## GOAL OF THE EXERCISE:
Would you repeat the whole listing exactly, pictures excluded?

## SUPPLIED INFORMATION:
--- --- ---
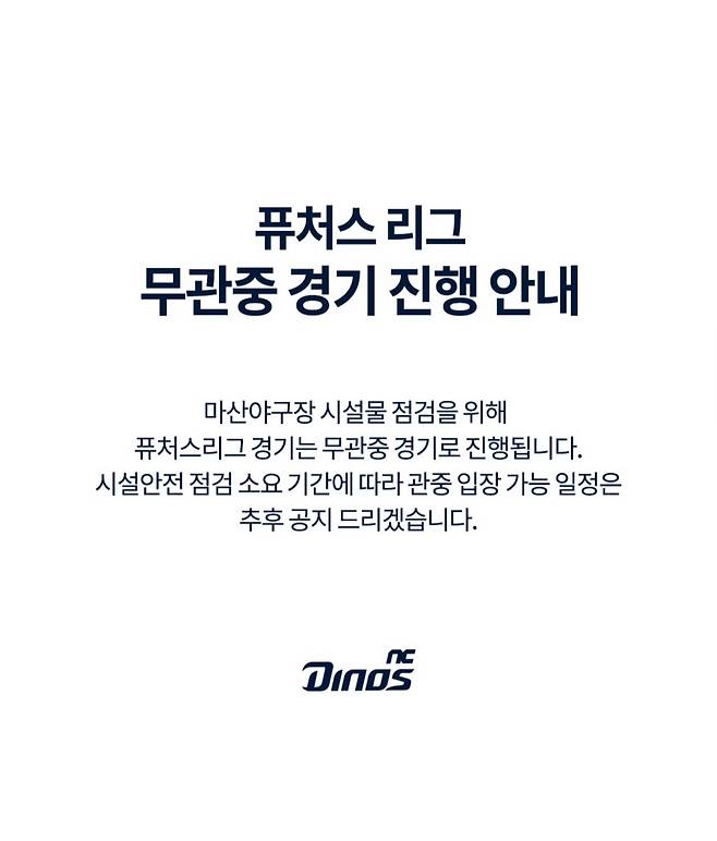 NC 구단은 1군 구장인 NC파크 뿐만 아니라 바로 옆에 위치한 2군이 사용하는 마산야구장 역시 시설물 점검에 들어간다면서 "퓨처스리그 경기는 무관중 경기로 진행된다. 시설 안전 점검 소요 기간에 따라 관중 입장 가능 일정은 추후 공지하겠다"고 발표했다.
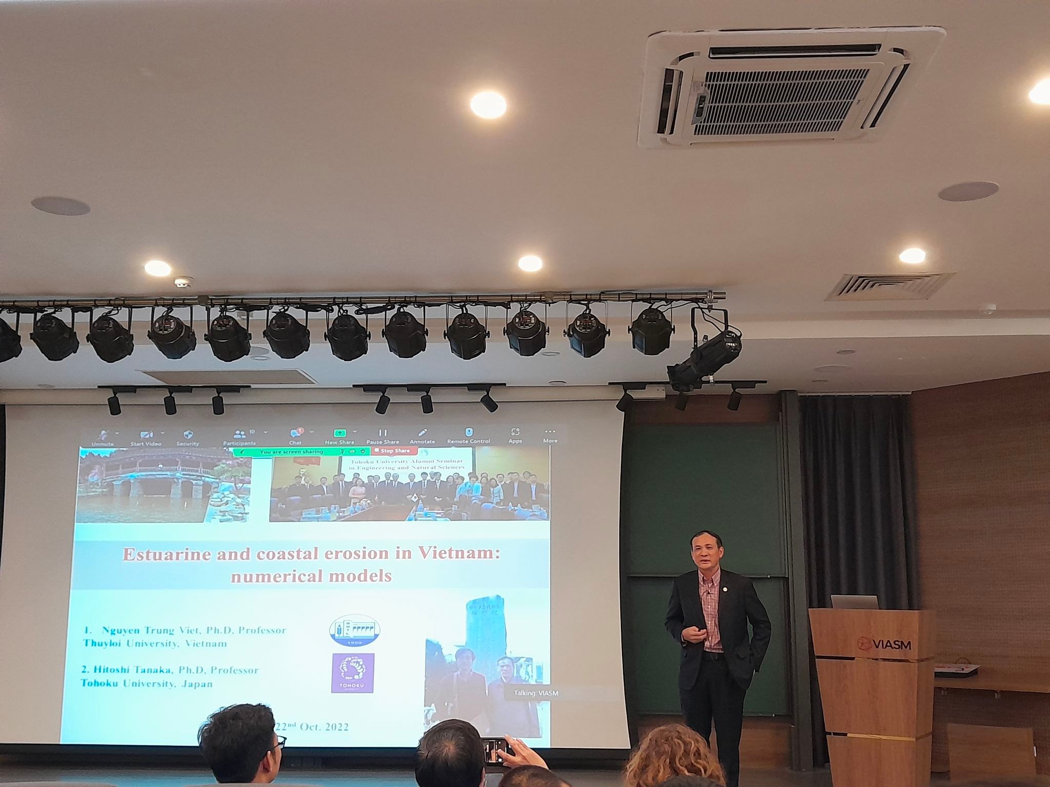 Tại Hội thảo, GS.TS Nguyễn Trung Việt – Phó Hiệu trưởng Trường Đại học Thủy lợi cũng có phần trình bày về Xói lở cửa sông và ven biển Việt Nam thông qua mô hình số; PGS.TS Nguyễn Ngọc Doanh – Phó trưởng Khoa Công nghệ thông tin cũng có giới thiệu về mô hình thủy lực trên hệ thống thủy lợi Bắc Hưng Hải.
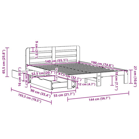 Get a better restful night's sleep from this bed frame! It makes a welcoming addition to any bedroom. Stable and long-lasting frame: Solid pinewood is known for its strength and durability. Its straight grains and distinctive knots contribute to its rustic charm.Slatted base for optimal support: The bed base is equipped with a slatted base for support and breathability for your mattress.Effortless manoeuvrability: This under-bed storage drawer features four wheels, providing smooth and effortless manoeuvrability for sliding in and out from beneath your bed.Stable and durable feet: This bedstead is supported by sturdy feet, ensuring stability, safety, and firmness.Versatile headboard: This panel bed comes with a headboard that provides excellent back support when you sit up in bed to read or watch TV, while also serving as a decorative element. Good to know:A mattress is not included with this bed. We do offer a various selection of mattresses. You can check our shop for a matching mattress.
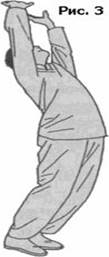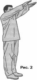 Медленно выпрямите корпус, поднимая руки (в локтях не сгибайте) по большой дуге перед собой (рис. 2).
--- --- ---
## SOLUTION FOR THIS TASK:
 NC 구단은 1군 구장인 NC파크 뿐만 아니라 바로 옆에 위치한 2군이 사용하는 마산야구장 역시 시설물 점검에 들어간다면서 "퓨처스리그 경기는 무관중 경기로 진행된다. 시설 안전 점검 소요 기간에 따라 관중 입장 가능 일정은 추후 공지하겠다"고 발표했다.
 Tại Hội thảo, GS.TS Nguyễn Trung Việt – Phó Hiệu trưởng Trường Đại học Thủy lợi cũng có phần trình bày về Xói lở cửa sông và ven biển Việt Nam thông qua mô hình số; PGS.TS Nguyễn Ngọc Doanh – Phó trưởng Khoa Công nghệ thông tin cũng có giới thiệu về mô hình thủy lực trên hệ thống thủy lợi Bắc Hưng Hải.
 Get a better restful night's sleep from this bed frame! It makes a welcoming addition to any bedroom. Stable and long-lasting frame: Solid pinewood is known for its strength and durability. Its straight grains and distinctive knots contribute to its rustic charm.Slatted base for optimal support: The bed base is equipped with a slatted base for support and breathability for your mattress.Effortless manoeuvrability: This under-bed storage drawer features four wheels, providing smooth and effortless manoeuvrability for sliding in and out from beneath your bed.Stable and durable feet: This bedstead is supported by sturdy feet, ensuring stability, safety, and firmness.Versatile headboard: This panel bed comes with a headboard that provides excellent back support when you sit up in bed to read or watch TV, while also serving as a decorative element. Good to know:A mattress is not included with this bed. We do offer a various selection of mattresses. You can check our shop for a matching mattress.
 Медленно выпрямите корпус, поднимая руки (в локтях не сгибайте) по большой дуге перед собой (рис. 2).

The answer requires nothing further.